PROPAGATION MODE CONVERSION

According to one embodiment of the invention, the propagation mode specified between a given source and a given destination for a particular body of data may be changed by the user. When such a change is made, certain operations are performed before the change goes into effect. For example, assume that modifications made to T1 on S1 are propagated asynchronously to S2. Assume further that the propagation mode is changed to synchronous. At the time the mode change is specified, the copy of T1 on S2 may not be identical to the copy on T1. Therefore, before synchronous propagation of T1 from S1 to S2 can begin, the copy of T1 on S2 must be brought up-to-date with respect to the copy of T1 on S1.

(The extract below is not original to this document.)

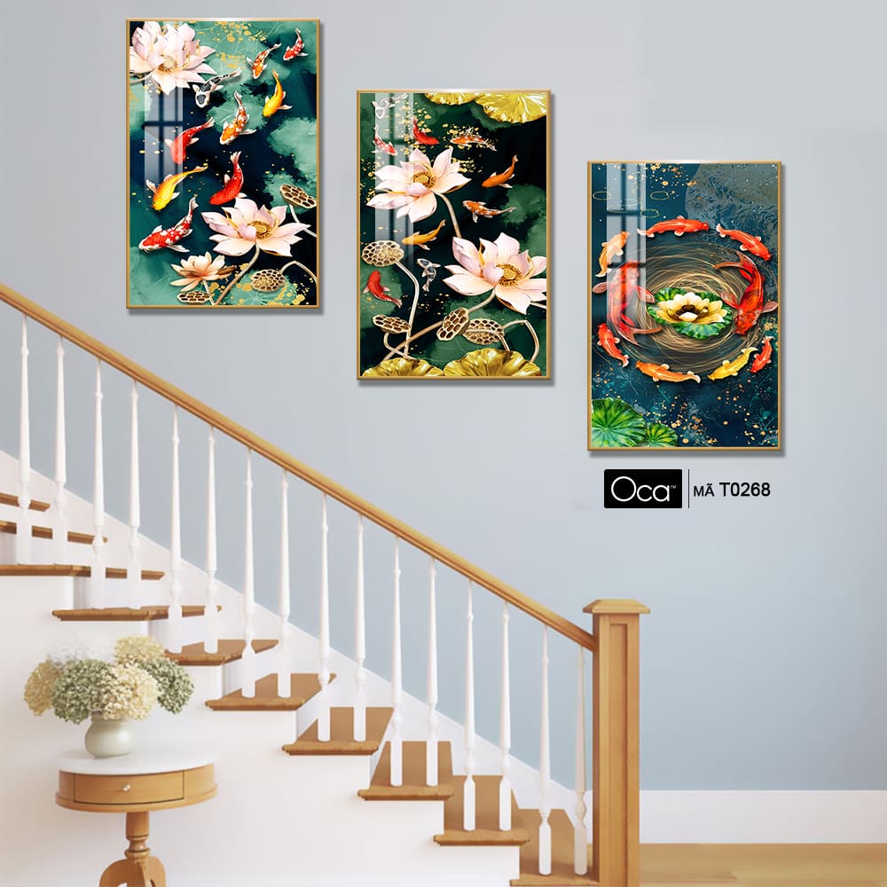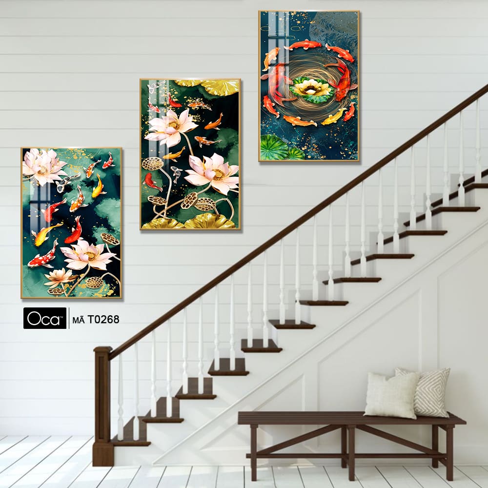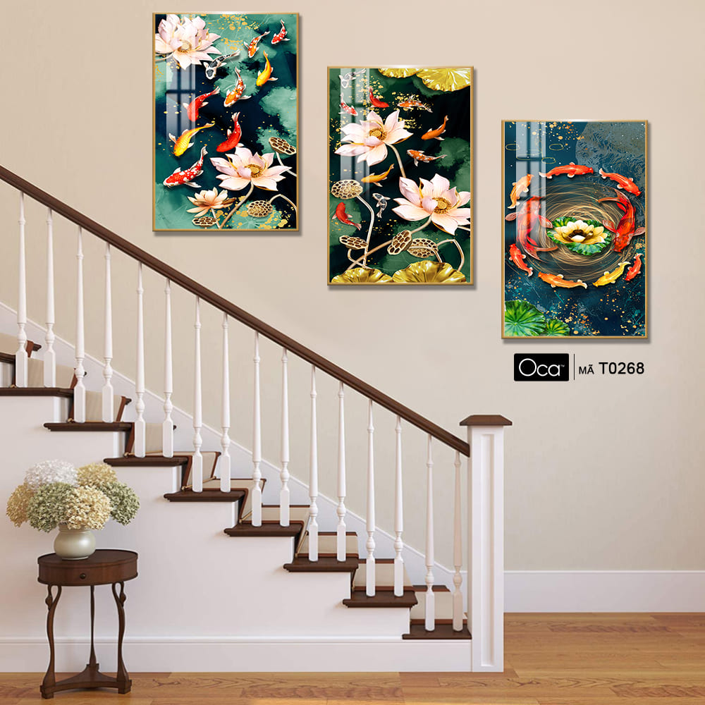 Cá chép trông trăng | Bộ 3 tranh treo cầu thang | Mã T0268 | Oca

According to one embodiment, the copy of T1 on S2 is brought up-to-date by locking T1 on S1 to prevent updates, and then applying at S2 all updates to T1 that have been queued for propagation from T1 to S2. When the updates have been applied, T1 on S2 will reflect all changes made to T1 at S1. The trigger associated with T1 on S1 is updated to call the synchronous replication routines to propagate data to S2 in response to modifications to T1 at S1. T1 on S1 is then unlocked, allowing users to modify T1 on S1. All such subsequent modifications to T1 on S1 are propagated synchronously to S2.

When the propagation mode is changed from synchronous to asynchronous, there are no modifications that have been made permanent at the source site that are not already reflected at the destination site. However, it is possible for a transaction making an update at the source site to be in-progress. Therefore, an exclusive lock on the body of data at the source site is requested. When the exclusive lock is granted, there cannot be any active transactions that have made changes to the body of data at the source site. Therefore, it is safe to change the propagation mode to asynchronous propagation by revising the propagation trigger at the source site as appropriate.

FAILOVER SYSTEM

According to one embodiment of the invention, the ability to combine synchronous and asynchronous replication is used to provide a failover system 400, as illustrated in FIGS. 4A and 4B. Referring to FIG. 4A, it is a block diagram illustrating a system with two sites 402 and 408. Both sites contain copies of a body of data (T1). Changes made to the copy 404 at site 402 are synchronously propagated to site 408, while changes made to the copy 410 at site 408 are asynchronously copied to site 402.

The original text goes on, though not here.